OK, we need to check versions and the code. Here is my snippet

import ignite
print(ignite.__version__)

from ignite.engine import Engine

trainer = Engine(lambda e, b: print("{} - {} : {}".format(e.state.epoch, e.state.iteration, b)))

data = list(range(172))
trainer.run(data, epoch_length=512, max_epochs=10)

with the output

0.4.0.dev20200302
1 - 1 : 0
1 - 2 : 1
1 - 3 : 2
1 - 4 : 3
1 - 5 : 4
1 - 6 : 5
1 - 7 : 6
1 - 8 : 7
1 - 9 : 8
1 - 10 : 9
1 - 11 : 10
...
1 - 510 : 165
1 - 511 : 166
1 - 512 : 167
2 - 513 : 168
2 - 514 : 169
2 - 515 : 170
2 - 516 : 171
2 - 517 : 0
2 - 518 : 1
2 - 519 : 2
2 - 520 : 3
2 - 521 : 4
2 - 522 : 5
2 - 523 : 6
...
10 - 5112 : 123
10 - 5113 : 124
10 - 5114 : 125
10 - 5115 : 126
10 - 5116 : 127
10 - 5117 : 128
10 - 5118 : 129
10 - 5119 : 130
10 - 5120 : 131

xen0f0n · March 2, 2020, 8:49pm

@vfdev-5 I got the same output. But I still can’t explain that the evaluation happening on EPOCH_COMPLETED
@trainer.on(Events.EPOCH_COMPLETED)
takes place NOT on iteration 512 but on 688. I’ve also tried this for epoch_length=3, and engine.state.iteration is 172 when logging.


@trainer.on(Events.EPOCH_COMPLETED)
    def evaluate(trainer):
        with evaluator.add_event_handler(Events.COMPLETED, log_metrics, "train"):
            evaluator.run(train_loader)

It would make more sense to me if the both Events.ITERATION_COMPLETED(every=512) and Events.EPOCH_COMPLETED(every=1) fired the “same time”.

xen0f0n · March 2, 2020, 9:03pm

@vfdev-5 it seems I’ve made a mistake… Trainer accepts epoch_length as argument, BUT I’ve created an evaluator engine with create_supervised_evaluator and although trainer.state is correct, evaluator.state doesn’t have the same epoch and iteration.

vfdev-5 · March 2, 2020, 9:15pm

So, could you find where is a problem in your code ?

although trainer.state is correct, evaluator.state doesn’t have the same epoch and iteration .

evaluator.state normally contains nothing interesting except metrics. As we usually run it
like evaluator.run(train_loader) it makes 1 epoch defined by len(train_loader) and its should contain according to your example, the following:

iteration: 172
epoch: 1
epoch_length: 172
max_epochs: 1

And it is correct, evaluator did 1 epoch and 172 iterations as asked. And it does not contain any training information.

xen0f0n · March 2, 2020, 9:32pm

@vfdev-5 I am a bit confused. I use the same evaluator for both train_loader and val_loader. Are the metrics calculated during training, or does the evaluator iterate the set again after the training epoch (with other random transforms) , just without updating the weights?

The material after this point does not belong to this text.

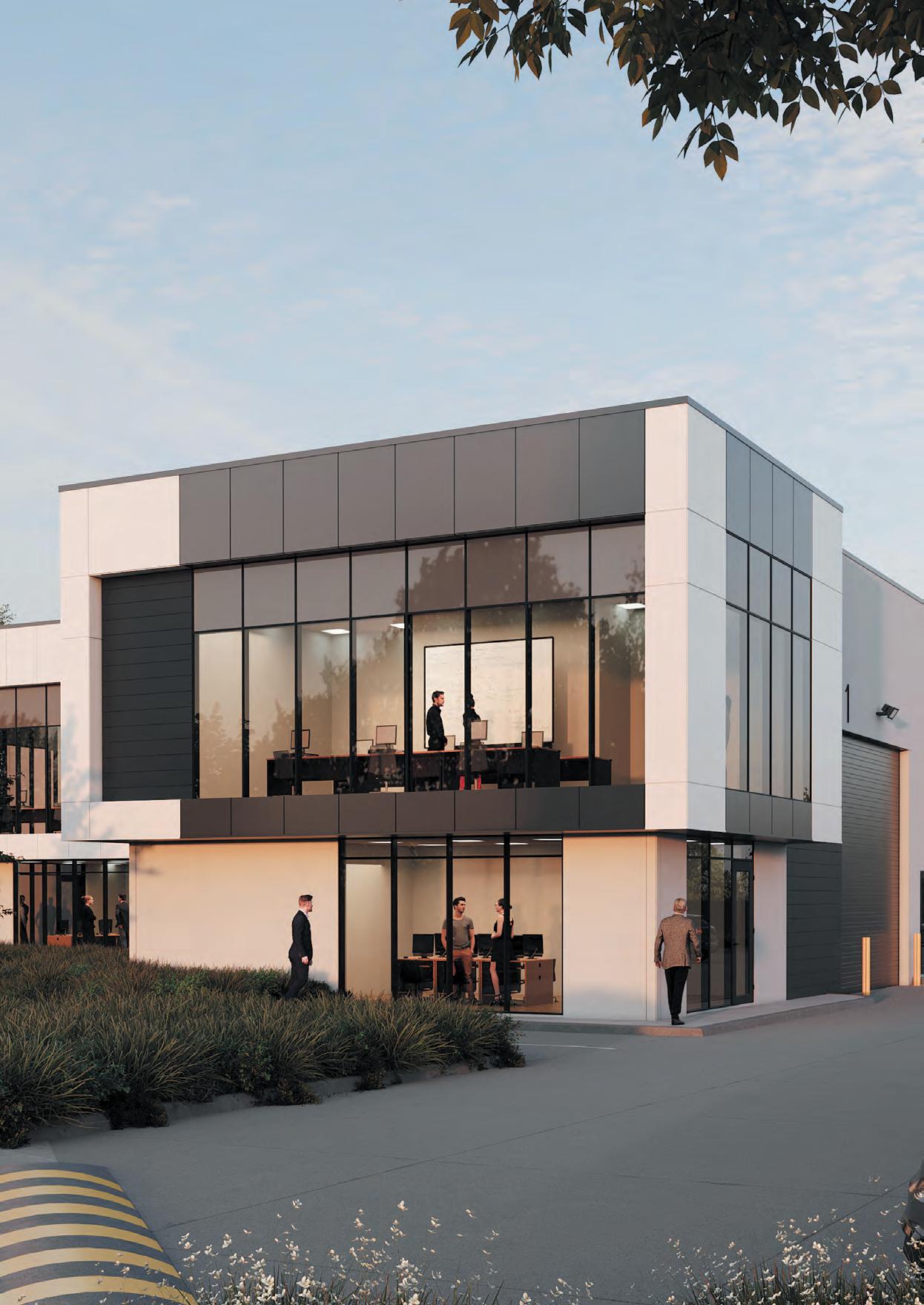 Dunlop Central offers 24 office warehouses ranging in size from 130 m² to 346 m², each featuring designated private car space, solar panels, mezzanine offices, open mezzanine floors, with limited yard spaces available, kitchenette and bathroom facilities, all accessed through a secure, private gated entry.

On the train set, the metrics should take into account the samples of the whole epoch (512 samples) and not just the len(train_loader). Having batch_size=1, I should have 512 CE losses and calculate the mean. And IoU should be averaged for 512 samples (not 172).

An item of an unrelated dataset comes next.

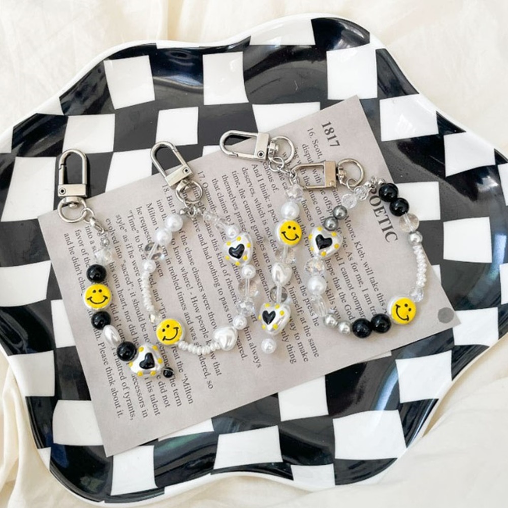 블랙 스마일 비즈 키링 만들기 세트 스트랩 DIY 키트 4종 [핸드폰 휴대폰 스마트폰 줄 재료 동대문 부자재 자재 가방 걸이]
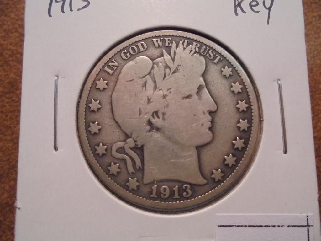 1913 BARBER HALF DOLLAR VERY GOOD KEY DATE

vfdev-5 · March 2, 2020, 9:55pm

I use the same evaluator for both train_loader and val_loader . Are the metrics calculated during training, or does the evaluator iterate the set again after the training epoch (with other random transforms) , just without updating the weights?

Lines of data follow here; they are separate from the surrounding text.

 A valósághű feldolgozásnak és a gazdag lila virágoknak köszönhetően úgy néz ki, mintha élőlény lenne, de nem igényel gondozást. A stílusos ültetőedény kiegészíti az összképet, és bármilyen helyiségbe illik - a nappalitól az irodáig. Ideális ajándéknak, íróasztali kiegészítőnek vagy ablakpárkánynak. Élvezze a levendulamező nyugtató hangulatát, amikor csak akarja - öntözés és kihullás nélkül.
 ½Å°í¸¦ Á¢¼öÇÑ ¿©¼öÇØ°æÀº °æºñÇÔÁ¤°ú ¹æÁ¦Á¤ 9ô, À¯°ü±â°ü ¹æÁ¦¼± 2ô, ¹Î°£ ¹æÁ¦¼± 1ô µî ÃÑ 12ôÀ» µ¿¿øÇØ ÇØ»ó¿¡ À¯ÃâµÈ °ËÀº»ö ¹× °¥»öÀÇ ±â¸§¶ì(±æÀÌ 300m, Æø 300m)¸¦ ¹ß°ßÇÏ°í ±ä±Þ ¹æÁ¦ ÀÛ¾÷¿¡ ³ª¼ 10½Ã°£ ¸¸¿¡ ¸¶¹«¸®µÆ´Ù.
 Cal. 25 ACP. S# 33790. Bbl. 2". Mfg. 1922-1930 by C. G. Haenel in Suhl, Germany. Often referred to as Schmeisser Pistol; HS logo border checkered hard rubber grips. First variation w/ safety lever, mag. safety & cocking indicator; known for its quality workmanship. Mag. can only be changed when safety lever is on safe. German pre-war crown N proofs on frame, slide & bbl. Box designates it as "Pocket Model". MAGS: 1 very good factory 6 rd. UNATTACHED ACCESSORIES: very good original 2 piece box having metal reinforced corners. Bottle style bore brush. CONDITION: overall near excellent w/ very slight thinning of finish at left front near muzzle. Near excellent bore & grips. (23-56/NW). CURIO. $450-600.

Evaluator does not compute metrics during the training. Yes, evaluator iterates the set again and metrics are computed with “fixed” model (without updating the weights).

On the train set, the metrics should take into account the samples of the whole epoch (512 samples)

in this case you need to just set epoch_length=512 in evaluator.run(train_loader, epoch_length=512).